Вадим Цымбурский - Морфология российской геополитики и динамика международных систем XVIII-XX веков
Вначале это отбрасывание с опорой на национальную традицию, попытка возбудить в России отталкивание от Европы, оформить протест против петровского дела переносом столицы в Москву и т. д. (Вернуться к традициям московских царей можно было, лишь признав проигранной их игру.) К концу века отбрасывание России облекается в «евразийские» схемы (план Талейрана, предложение Наполеона российским императорам). Нельзя отрицать, что в этом веке были мыслители и практики, увлеченные достройкой России на востоке (пути через Северный морской путь и через Центральную Азию). Достройка шла, она могла вдохновлять политиков и поэтов на мечты об индийской торговле и т. п., но отойти в Евразию значило создать совсем новые системы связей, новые отношения, между тем как в Балто-Черноморье игра была напряжена и не закончена. Тема «Новой России» разыгрывается в степях, прежде всего черноморских, на южной окраине системы.
Итак, с разрушением автономного Балто-Черноморья выбор стоял между двумя сценариями: отбрасыванием в Евразию (или добровольным уходом, но тогда непременно с присоединением к Евразии выхода в Черное море и части Балкан) – либо борьбой, где один из центров Запада опирался бы на Россию, которая, в конце концов, становилась бы гарантом Европы (отсюда – «Завещание Петра Великого» и т. п.), боязнь остаться в «ауксилиарных» державах. Такие образования, как «Северный аккорд» и «греческий проект» в их конкретике порождены историческими перипетиями фазы, как бы паузой в истории европейского милитаризма. Таким образом, в этот период мы имеем действия России на входе в Европу с двумя мыслимыми развязками, из которых проистекал выбор: отойти в Евразию (отступление в национальную нишу) versus вхождение в европейскую игру в качестве опоры более слабого центра. В промежутке – попытки сконструировать на стыке Европы свое Большое Пространство, северное или южное.

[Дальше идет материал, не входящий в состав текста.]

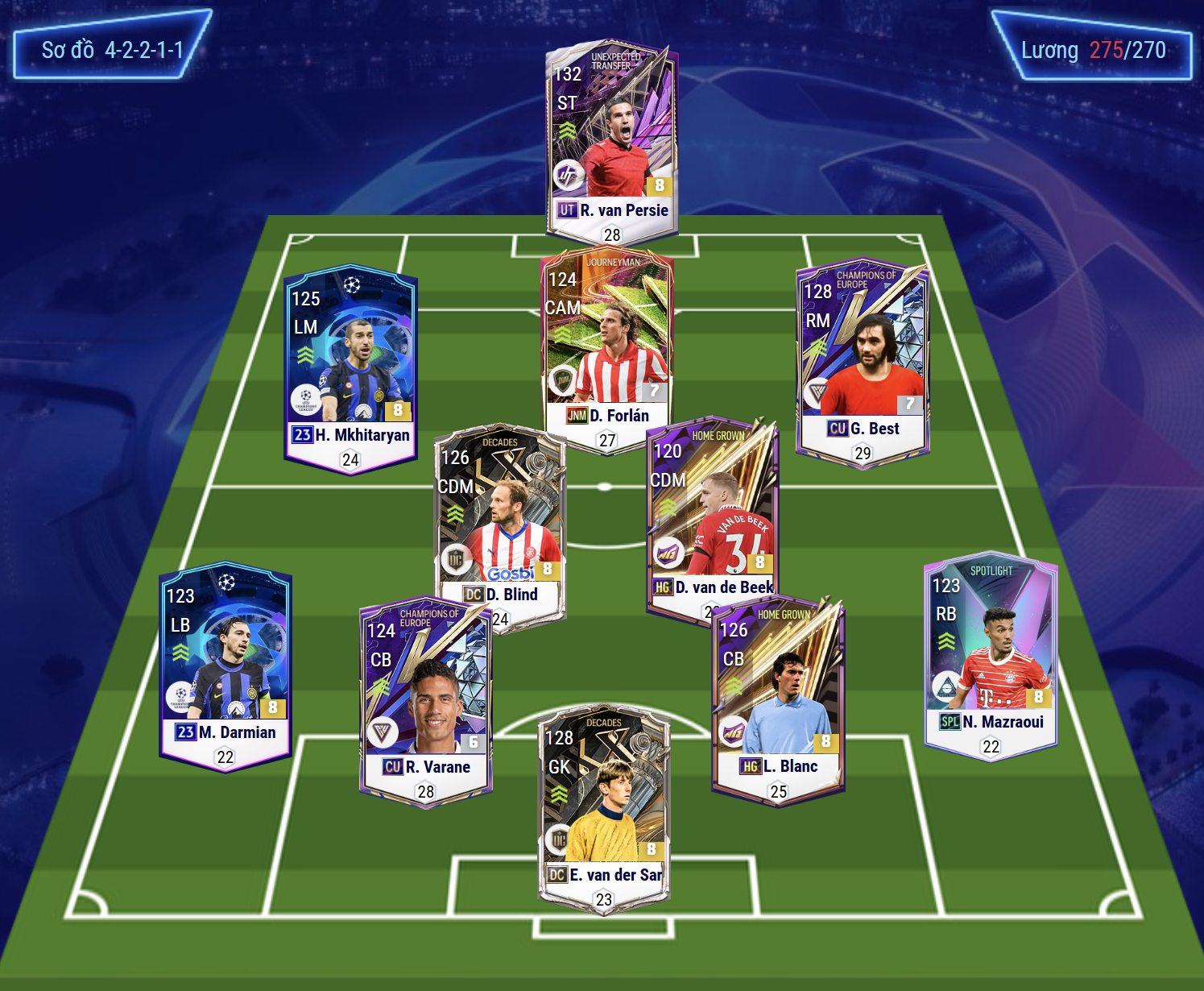 Sơ đồ 42211 với vị trí tiền đạo cắm được lựa chọn là Van Persie, một trong những tiền đạo có khả năng dứt điểm đa dạng. Hộ công cho anh là Forlan, một trong những hộ công quốc dân mà team Man Utd chắc chắn cần có trong đội. Cặp tiền vệ cánh với Mkhitaryan và G.Best đảm bảo tốc độ, kỹ năng chuyền bóng cũng như rê dắt xuất sắc.
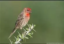普通朱雀是雀形目雀科朱雀属鸟类,又名红朱雀、马料、青麻料。雄鸟上体红色,下体淡红色;头部、喉部、胸部及腰部亮红色;背部褐色染红色;两翼及尾黑褐色,羽缘染红色。雌鸟上体橄榄褐色,下体近白色,…全部>>

Мог ли бы я повторить то, что написал три года назад насчет «похищения Европы» как подоплеке нашей геостратегии? Не однозначно. Несомненно, что голштинское сватовство Петра продиктовано стремлением в любом качестве «зацепиться» за европейский мир, так же как и его военные акции 1710–1716 гг. Все позднейшие игры – смешение прагматического и идеального компонентов. Несомненны попытки достроить Балто-Черноморье, предотвратить варианты, при которых запад этого давнего «мира России» был бы развернут против нее. А с другой стороны, сами средства – не перехлестывали ли за грань цели? Союз с Австрией против Франции, конструирование Северного аккорда как противоцентра европейскому униполю; наконец, «греческий проект» – можно ли было предотвратить странное склеивание систем в условиях деградации запада БЧС (игра в Восточную и Западную Империи в рамках «греческого проекта»)? Игры в противоцентр (Северный аккорд и т. п.). С другой стороны, мотив центра, вынесенного за пределы России, конструируемого и полагаемого ею, дополнительно к ней, опирающегося на нее, но с нею неслиянного («греческий проект»; планы России как «гаранта Европы»), – <игры>, объективно превращающие Россию в чье-то орудие против чьего-то самоутверждения.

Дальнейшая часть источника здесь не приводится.